Another reminder folder: Events. If I get a message about an event I may wish to attend, I click Forward, change the subject line to begin with the date of the event in a format that will sort chronologically (20130704), and send it to myself. When it arrives, it gets moved to the Events folder. This folder is for optional events, not for court dates. Court dates go into word processing files and into two paper date books. [I now also put court dates, appointments, and deadlines in the Events folder.]

I have a Financial folder. It is primarily for notifications that specified invoices are available online for my viewing pleasure. I retrieve the invoice, save it as a PDF, and enter the information from it in the appropriate tables in my word processor. Once I have done this, the email goes into my Limited folder. I try to keep the Financial folder empty.

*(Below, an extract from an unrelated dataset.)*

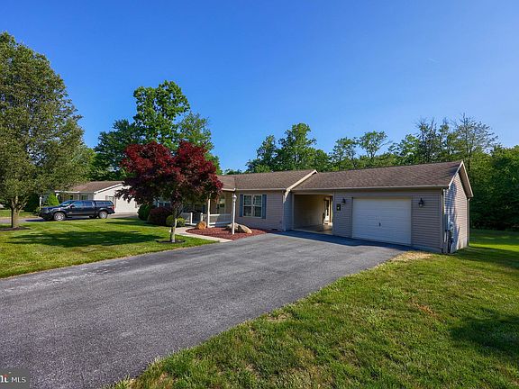 This home is located on Hemlock Circle in the desirable Gretna Springs 55+ Community. With 3 bedrooms, 2 full bathrooms, and over 1,400 sq ft, this home features a large open living room, dining room, and kitchen area. The primary bedroom has an attached full bathroom and walk-in closet. This home has new carpet throughout, central air, an attached carport and garage, a generator hook-up, a covered back patio overlooking a large yard backing up to the woods, and more! This home is centrally located off Route 72 just minutes from the PA Turnpike and Route 322. Lot rent includes water, sewer, trash, and access to the community center. Don't miss this opportunity, schedule your showing today! ***An offer deadline has been set for Tuesday 6/20/23 at 12 pm. ***

The Limited folder is for limited-retention items, such as invoice announcements, payment confirmations, and confirmations of electronic court filings. It can also be used for a variety of items that have a short-term off chance of being useful. Every now and then, items more than 90 days old can be deleted. There is no sense in spending a lot of time staring at one email after another asking yourself "How long do I need to keep this?"

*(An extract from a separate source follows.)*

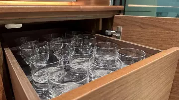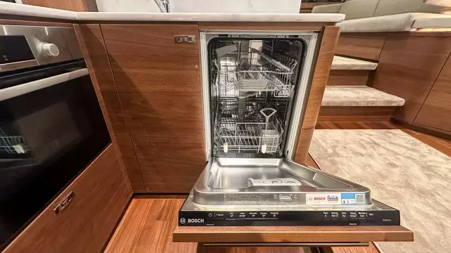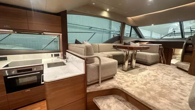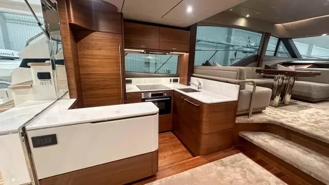 Galley worktops are Sylmar White Solid Surface as standard to match the bar top (NB. Cockpit bar top will match galley worktop selection). Other galley top colour: Carrara White.

I keep a folder called Bounces. If a message I sent bounces, I put the reject message there along with the original message, fished out of the Sent folder. I don't want to see anything in my Sent folder that didn't reach the intended recipient.

Other than that, very little leaves the Sent folder. It is broken down by year, but beyond that I am reluctant to scatter the contents. The messages serve a journaling function. If I need to reconstruct the entire conversation with a client, I can always copy messages from Sent to the client folder. [UPDATE: I now use the SimplyFile option to copy the outgoing message to a subject folder. This add-on is described below.]

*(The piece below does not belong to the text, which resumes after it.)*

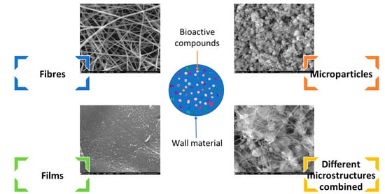 In fact, the quality and efficient improvement of these compounds’ benefits are the main strategies being considered when developing new products [2]. In this regard, microencapsulation technologies of compounds are an option to preserve and enhance the quality of the active ingredients [3,4]. These technologies involve the coating and protection of bioactive compounds by a produced barrier (wall material) (Figure 1); they allow for the improvement of the compound’s stability and solubility, thereby slowing down the release profile, and masking the flavour, odour, or taste [5].

Creating contact files so that you don't have to spend time trying to figure out whose email address you are looking at is a good habit. It is not, however, a good habit that I have always possessed, and I do sometimes pull up an old message to locate an email address. Rather than hit Reply, however, I right-click on the From address. This starts a brand-new, clean email to that address. This is a good tip to pass on to clients or anyone else who sends you email with a subject line from two years ago.

Speaking of clients who do goofy things -- I avoid CC'ing clients on emails to opposing counsel. Instead, after I send the message, I forward it to the client with my opponent's email deleted. The problem with CC is that the client may hit Reply All by mistake or as the result of a sudden urge to send my opponent a nasty-gram.

For some things, your email program is a gateway -- just because something comes in through Outlook doesn't mean it has to live there. Attachments can be saved and then removed from the message they accompanied.

There are a number of formats for saving emails (and groups of emails) outside of Outlook. The menu of format choices that Save As brings up will vary depending on the original format of the message.

Plain text is the simplest and a good alternative for when you are only saving information and do not expect to need to prove where it came from. You can highlight a group of emails and save them together as a plain text file.

Saving an email in .MSG format will preserve its appearance; it will look and behave like an email even though it is now a single file. Links will still work. A reply can be generated.

An underutilized format is .MHT. If you have ever saved a web page in HTML format, and discovered later that you saved a folder of images in the process, you will appreciate .MHT. It saves Web pages as single files that include both text and images. It will do the same thing with emails. It is nice for emailed newsletters. It will preserve both the images and the links.

Finally, a few words about my favorite add-on -- SimplyFile by TechHit. It works with multiple versions of Outlook. It studies your filing habits. Then, when a message comes in, it suggests a folder to store it in. The suggestion is on target the vast majority of the time, and it takes a single click or keystroke to accept the suggestion.

This is how we turn email back into a tool.